Ametra Carrol spent the better part of a decade addicted to crack cocaine, and it almost killed her. After completing a detox and rehab program, she found herself unable to stay clean when she returned to her old neighborhood - and the friends with whom she got high.

"Its true what they say: You need to stay away from people, places, and things [associated with addiction] until you get strong enough," said Carrol, now a community activist.

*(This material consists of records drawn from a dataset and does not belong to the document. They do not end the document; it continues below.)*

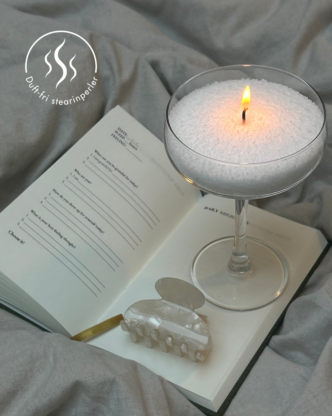 Hell perlene over i en valgfri beholder som tåler høy varme og har en diameter på minimum 8cm. Plasser en veke i midten, ca. 0,5 cm opp fra perlene, og tenn på. Slukk lyset når du er ferdig med det. Se vår brukerveiledning for video og mer informasjon.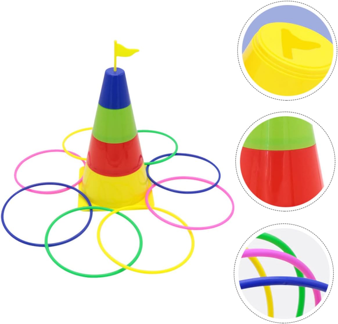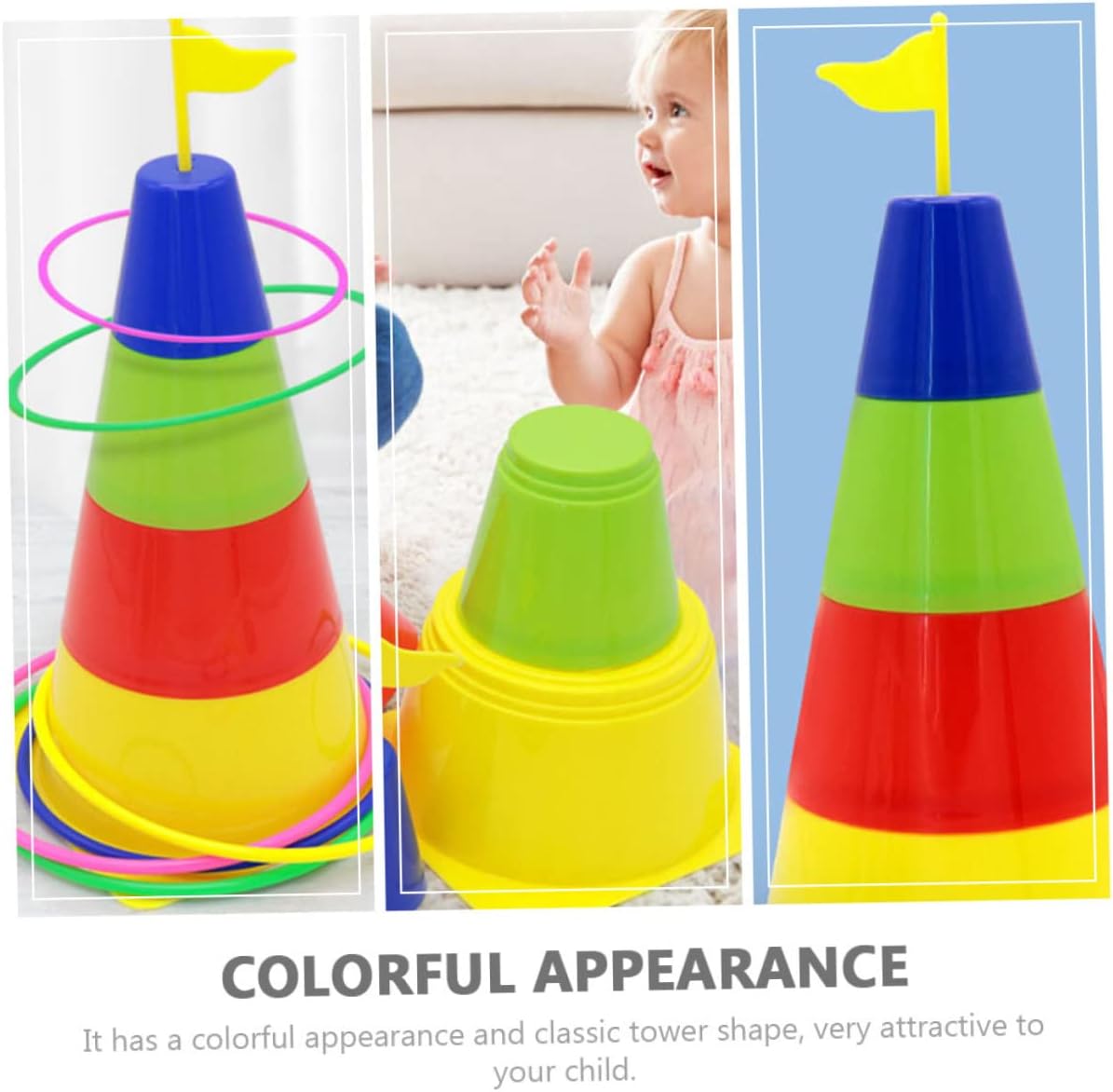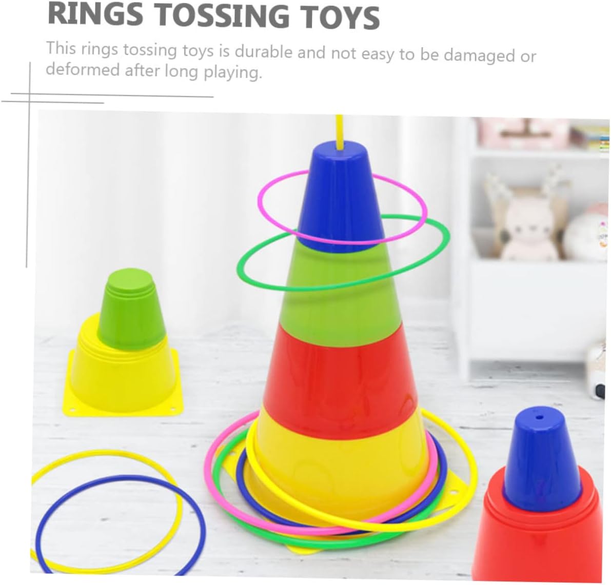 Giocattolo educativo: è il momento di giocare a questo gioco con i tuoi bambini per creare un rapporto genitore-figlio più stretto, giocattolo ad anello colorato Giocattolo interattivo: è adatto per sviluppare la coordinazione occhio-mano dei bambini, la concentrazione e l'abilità pratica, gioco del lancio 'anello Giocattolo per la famiglia: ha un aspetto colorato e una forma a torre, molto attraente per il tuo bambino, giocattolo per l'allenamento 'agilità Attrezzi per giochi di lancio: il design è molto bello, con una piccola torre, adatti ai bambini che giocano all'interno o all'esterno, circle plaything Giocattolo di lancio 'anello: genitori e figli possono giocare insieme e l'interazione genitore-figlio sarà migliorata, giocattolo di lancio 'anello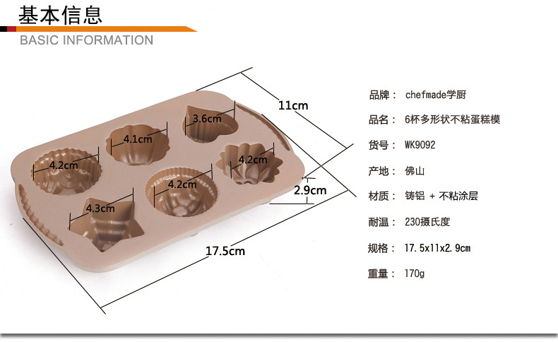 Chefmade Kitchen Mini Crystal Aluminium 6 стакана мульти -образная модель торта Crown/Hearts/Flower Cake Model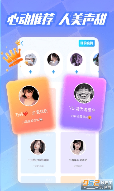 一款高质量的语音交友软件,它聚集了众多可爱的小哥哥小姐姐,每一个用户都可以通过声音和他们交流,也可以通过暖心树洞、电台直播、剧本杀、谁是卧底等社交方式,在游戏娱乐中结识到更多有趣的灵魂,为用户打造了一个轻松的交友环境,认识朋友变得更加的方便;除此之外,该应用还拥有超多的大神陪玩入驻,囊括了各大热门手游,用户可根据游戏类型以及风格,分分钟匹配到声音好听以及技术高超的游戏陪玩,与他们共同的畅玩游戏,让用户能得到更加具有趣味性的游戏体验;如果有需要,就赶快下载使用吧。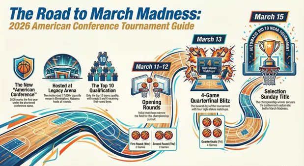 This year’s event marks the first under the shortened “American Conference” name (dropped “Athletic” in 2025) and features a revamped five-day format for the top 10 teams. Held at the Legacy Arena at the BJCC in Birmingham, Alabama this postseason. The champion secures the conference’s automatic bid to March Madness.

That lesson has pushed Carrol to work with Rock Island leaders to develop the Douglas Park Place recovery home, designed to help Quad Cities-area mothers and their families overcome the challenges she once faced with substance abuse.

Under construction at 720 Ninth Street in Rock Island, the eight-unit complex will provide temporary housing for women receiving treatment for substance abuse at the Robert Young Center and their children, giving them an opportunity to reunite with their families. The center, when it opens next year, will provide recovering addicts job placement, parenting education, counseling, and substance-abuse treatment with the goal of returning families to independent living within six months.

The Douglas Park Place recovery home will be the first of its kind in this area. Although there are other recovery homes in the Quad Cities (including the Country Oaks Center for Alcohol & Drug Services in Davenport and Carl Stutsman Lodge in East Moline), this project will be the first to provide housing and continuing treatment exclusively for recovering mothers and their children.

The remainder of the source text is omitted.